Fever in children is a sign of infection in the body which leads to a rise in body temperature. It is often caused by a virus or sometimes bacteria. Viral infections, which are far more common, do not need antibiotics. Bacterial infections are treated with antibiotics.
The fever is a way in which the body fights infection, and your child’s temperature will return to normal when the infection has completely gone.
A normal temperature range for a child is usually up to 37.5° C.
A high fever does not necessarily mean your child has a serious illness. However, young babies with fever do need to be checked carefully by a doctor.
If your child’s temperature rises suddenly this can cause a febrile seizure. Even though seizures are uncommon it is helpful to know what a seizure is just in case your child has one.

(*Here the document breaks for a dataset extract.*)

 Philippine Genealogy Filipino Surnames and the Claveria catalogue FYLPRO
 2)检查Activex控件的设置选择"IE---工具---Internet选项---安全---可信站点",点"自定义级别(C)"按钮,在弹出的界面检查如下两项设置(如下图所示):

Sometimes a seizure happens when parents are not aware their child has a fever.
|Key points to remember about Fever|
Care of your child
At home you can make your child more comfortable
- Dress your child in light clothing and keep them cool.
- Give your child frequent small drinks of clear fluid (e.g.: water, diluted fruit juice or cordial). Do not worry if your child refuses to eat at this time. If your child is under six months give extra cool boiled – water, breast feeds, or bottle.

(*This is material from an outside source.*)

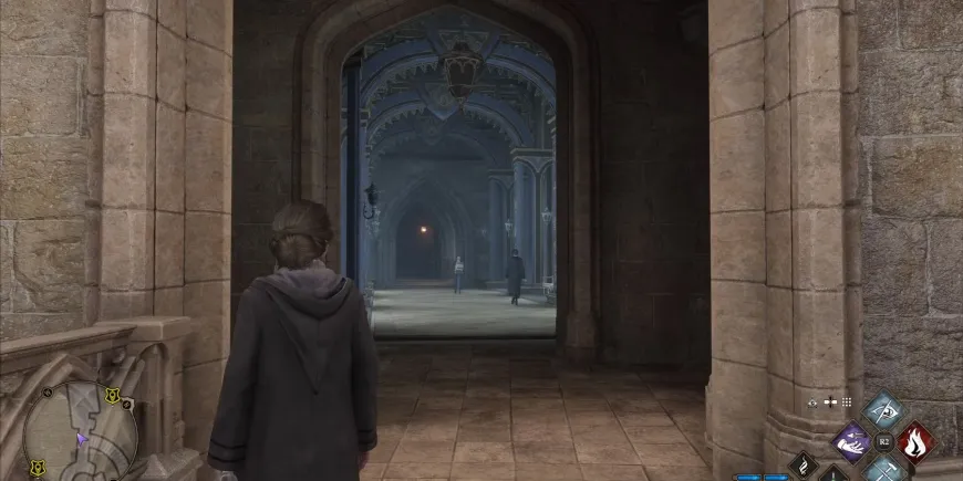 Здесь игроки увидят коридор со статуей Одноглазой ведьмы, которая служит тайным проходом в Хогсмид. Используя Ревелио здесь, игроки получат страницу полевого справочника с записью о ней. Однако, чтобы найти общую комнату Гриффиндора, им придется продолжить путь в проход Одноглазой ведьмы.

- Paracetamol ( e.g.: Panadol) can be given in the correct dose every four hours to treat a fever above 38.0° C. However, do not give for more than 2 days without seeing your doctor. If your child seems well and is happy, there is no need to treat a fever with paracetamol. If the fever is above 38.5° C and your child is miserable or has other symptoms such as sore throat, seek medical advice.
Taking Your Child’s Temperature
Make sure you have a thermometer that works and you know how to use it. Mercury and digital thermometers are more accurate. Plastic tape thermometers used on the forehead are not reliable. Ask your Pediatric Clinic or Ward staff to show you how to use your thermometer. The thermometer needs to be in place for two minutes to get a correct reading.
Go back to your doctor if:
- Your child looks sicker than before
- Your child complains of a stiff neck or light hurting their eyes.
- Your child has difficulty breathing
- Your child refuses to drink very much
- Your child is vomiting a lot
- Your child is drowsy
- Your child is in pain OR you are worried for any reason.